**Dataset excerpts**
--------------------------------

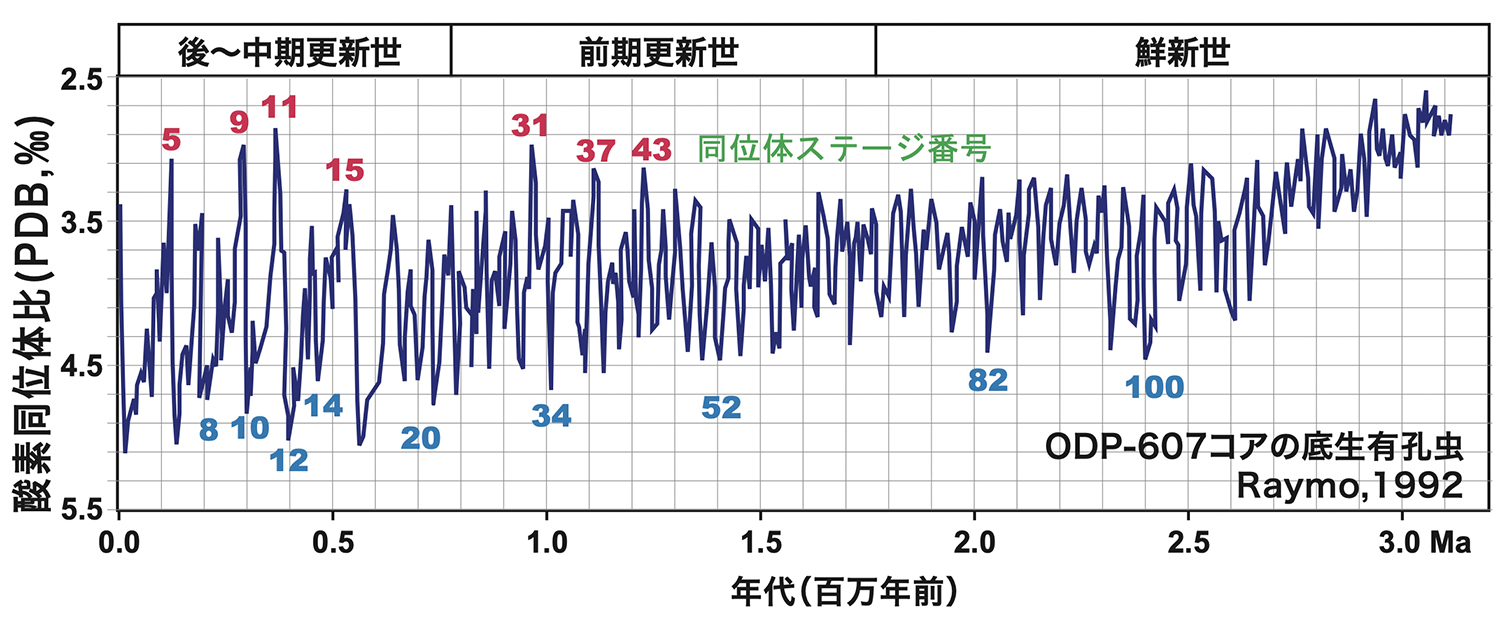 fig.4──過去300万年間の有効虫同位体比の変動。Raymo (1992)☆1を一部修正。約4万年と10万年の周期が認められ、それぞれ公転軌道の離心率と地軸の傾斜の周期に対応する。全てのピークに番号が付けられ、奇数は間氷期、偶数は氷期に対応する。
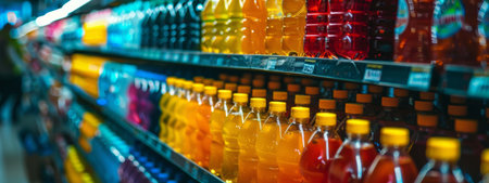 A vibrant scene of colorful bottles of various drinks neatly lined up on supermarket shelves, with soft focus and dynamic lighting creating a lively and modern retail atmosphere. Ideal for themes related to beverages, shopping, and consumerism.
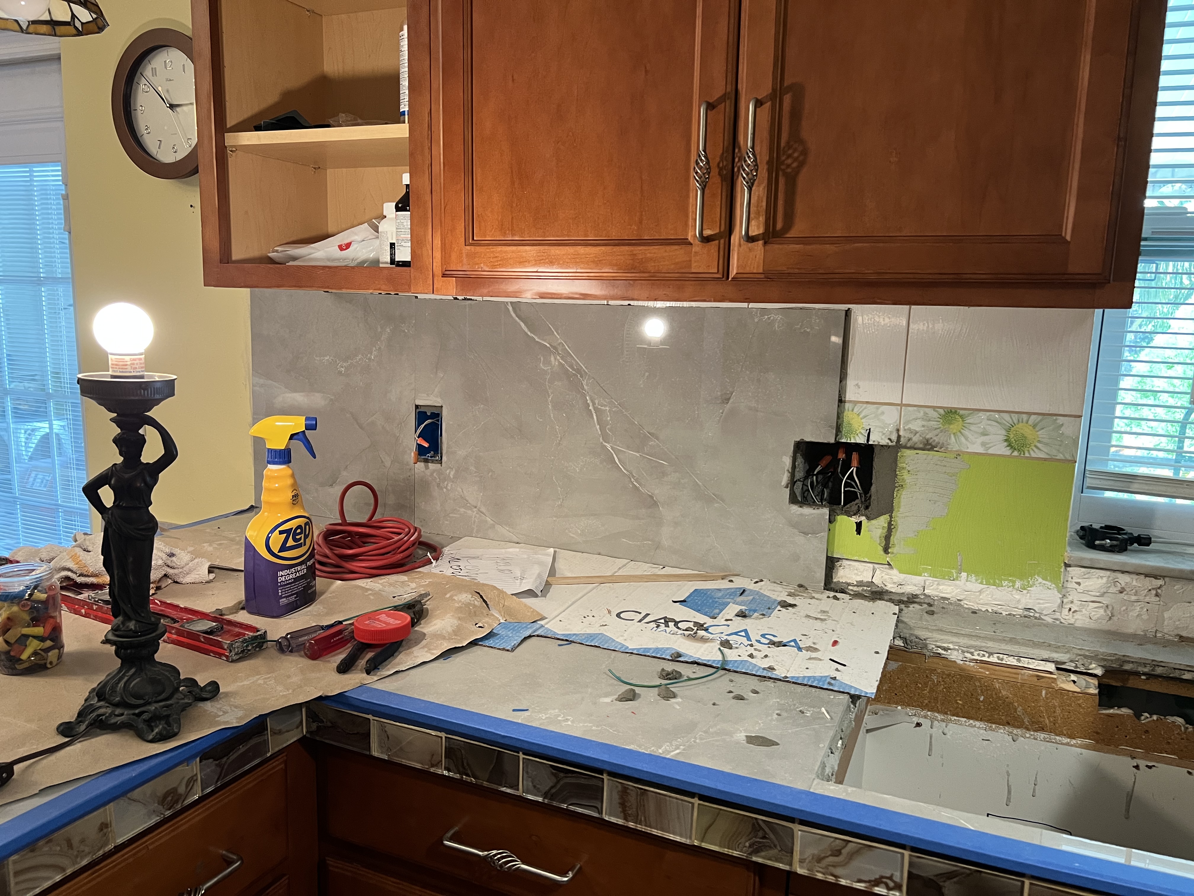 Мия, ну вы даете! Саже каунтертоп тяжеленный сами???Это кварц? Красивый слаб.И фартук тоже? А кабинеты красить будете?Какие молодцы!
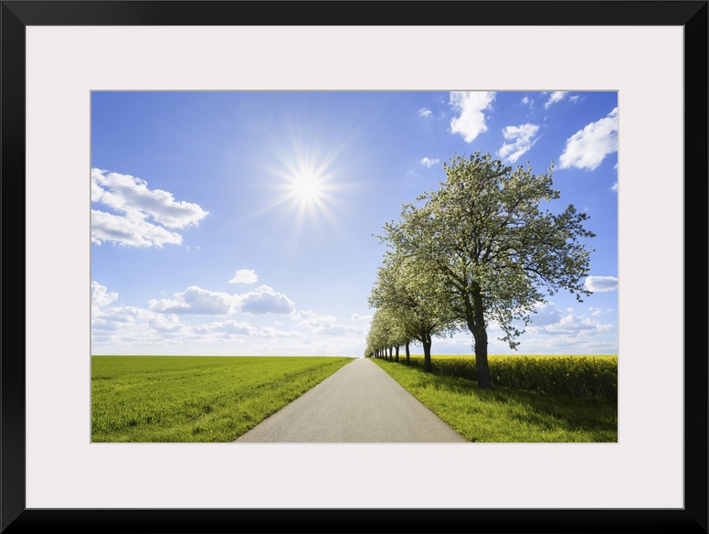 <p>Country Road with Row of Pear Trees and Sun in Spring, Spielbach, Baden-Wurttemberg, Germany</p>
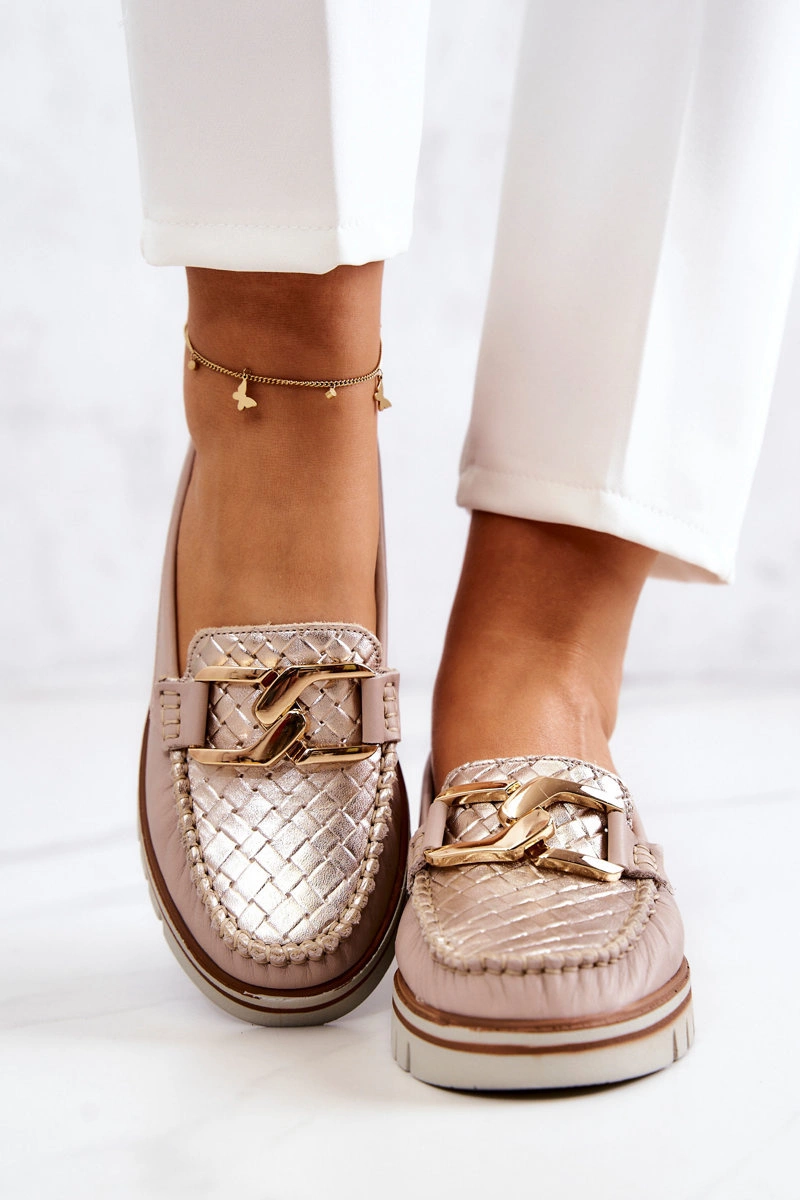 Mokasyny posiadają ozdobę w postaci łańcucha z przodu obuwia. Wyjątkowo kobiece mokasyny na grubszej podeszwie, wykonane z naturalnej skóry. Buciki są lekkie, bardzo wygodne oraz miękkie. Wkładka z naturalnej skóry zapewni wygodę podczas użytkowania. Te buty są idealne na co dzień, świetnie pasują zarówno do casualowych, jak i eleganckich stylizacji. Przy wyborze rozmiaru prosimy sugerować się tabelą rozmiarów.
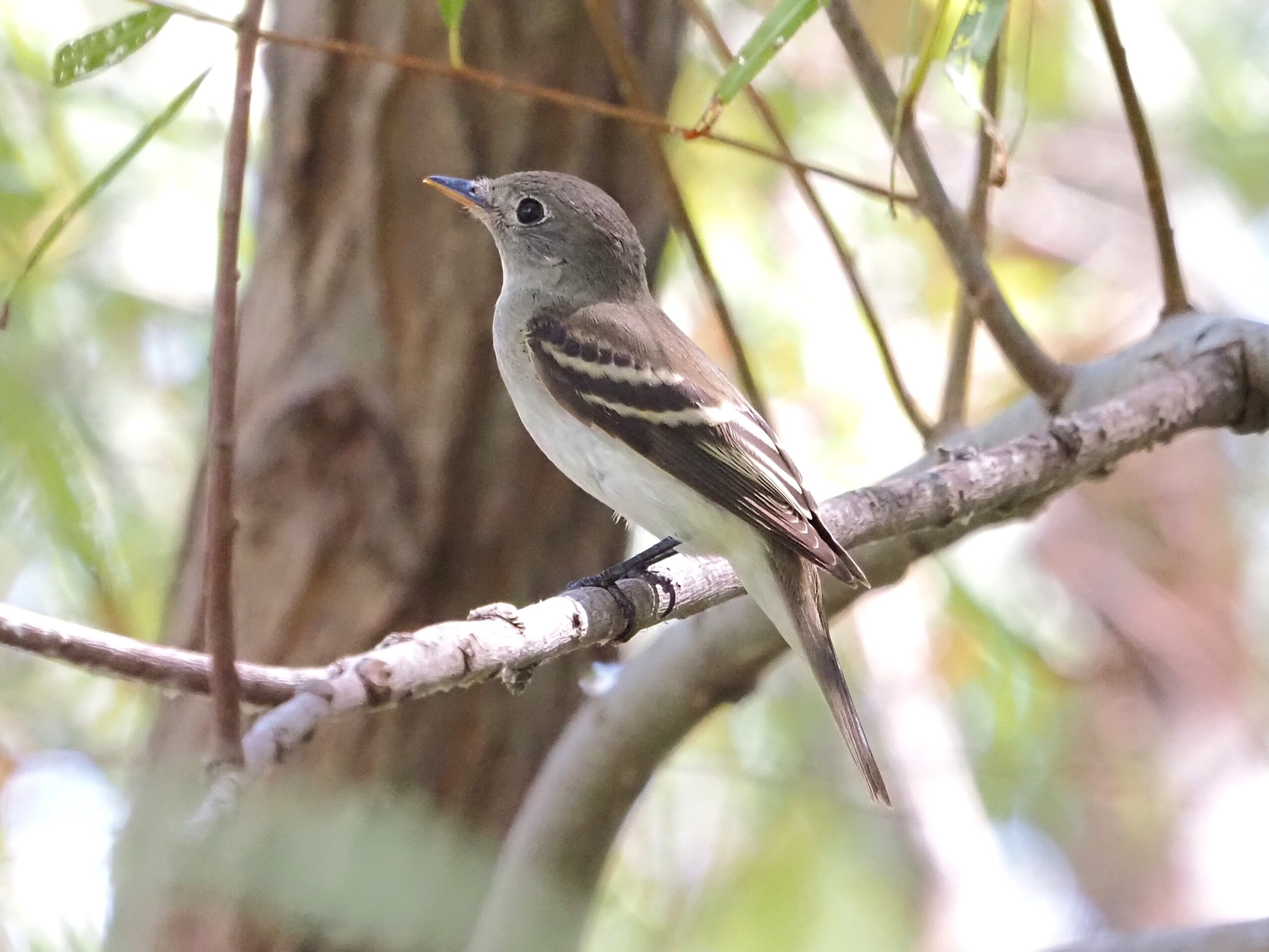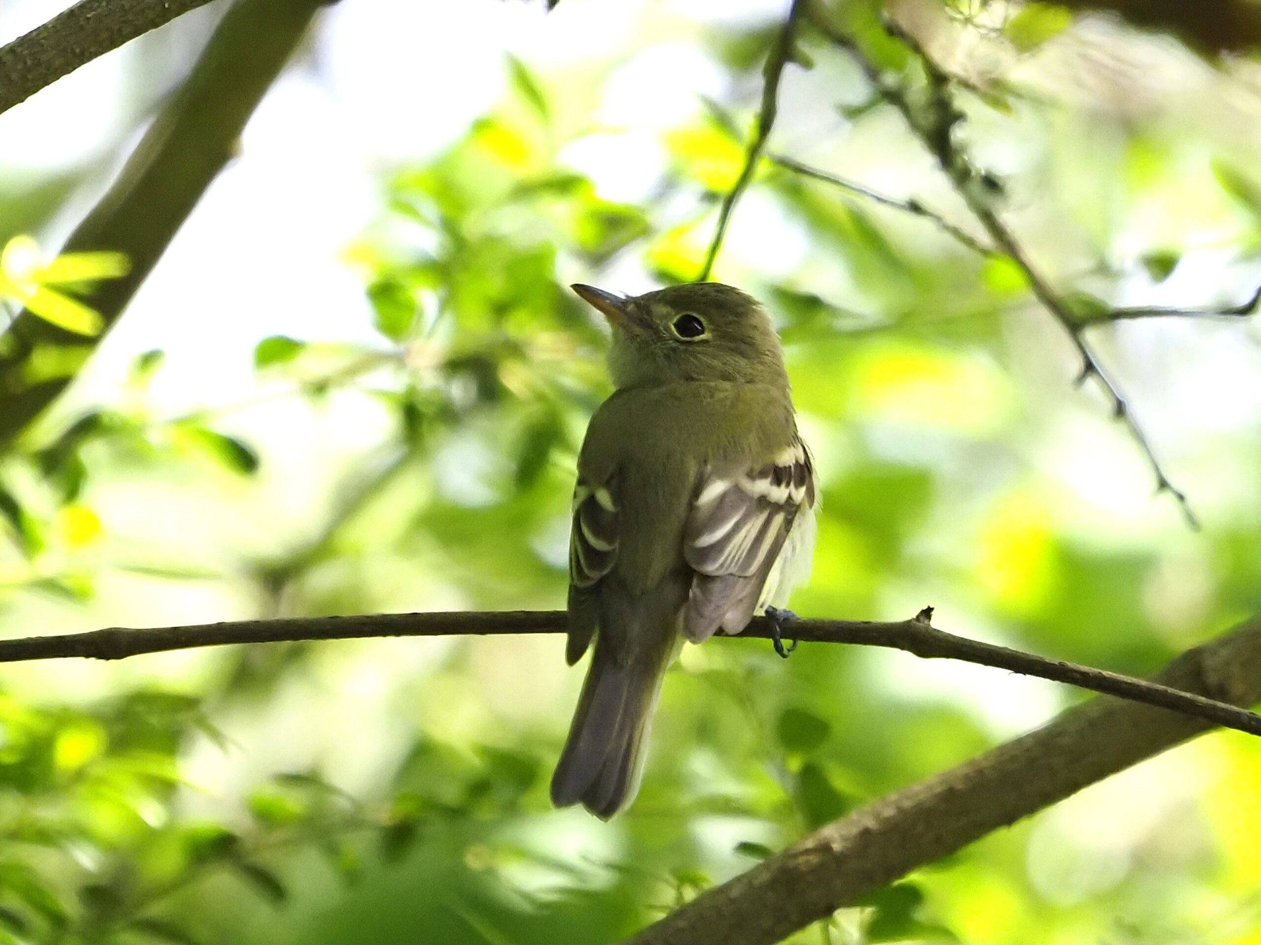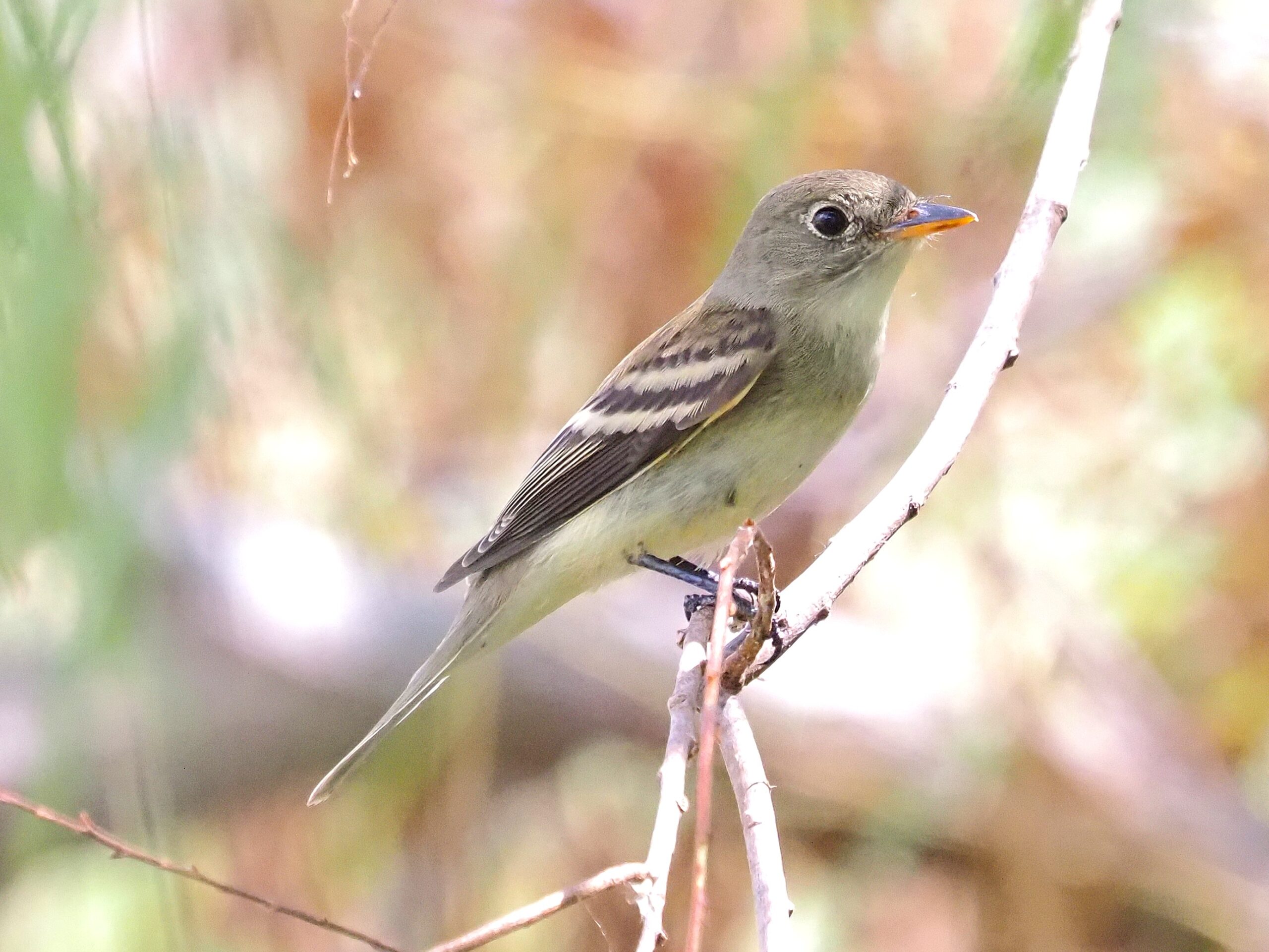 The photos in the gallery below show several of the more “pewee-like” Empid species — the Gray Flycatcher, “Trails” Flycatcher, and the Acadian Flycatcher. Note the primary projection, wing-bar and eye-ring intensity, the crest, the width of the tail, and the overall structure of Empids vs Pewees.
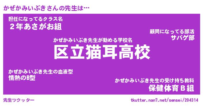 | ポケモン風あだ名 | 『カゼチュウ』『カゼカダネ』 |

--------------------------------

**TASK TO CARRY OUT**
Beginning with the line that contains "<p>Country Road with", repeat every remaining line of the data exactly, the last line included, and omit pictures.

**RESPONSE TO THE TASK**
 <p>Country Road with Row of Pear Trees and Sun in Spring, Spielbach, Baden-Wurttemberg, Germany</p>
 Mokasyny posiadają ozdobę w postaci łańcucha z przodu obuwia. Wyjątkowo kobiece mokasyny na grubszej podeszwie, wykonane z naturalnej skóry. Buciki są lekkie, bardzo wygodne oraz miękkie. Wkładka z naturalnej skóry zapewni wygodę podczas użytkowania. Te buty są idealne na co dzień, świetnie pasują zarówno do casualowych, jak i eleganckich stylizacji. Przy wyborze rozmiaru prosimy sugerować się tabelą rozmiarów.
 The photos in the gallery below show several of the more “pewee-like” Empid species — the Gray Flycatcher, “Trails” Flycatcher, and the Acadian Flycatcher. Note the primary projection, wing-bar and eye-ring intensity, the crest, the width of the tail, and the overall structure of Empids vs Pewees.
 | ポケモン風あだ名 | 『カゼチュウ』『カゼカダネ』 |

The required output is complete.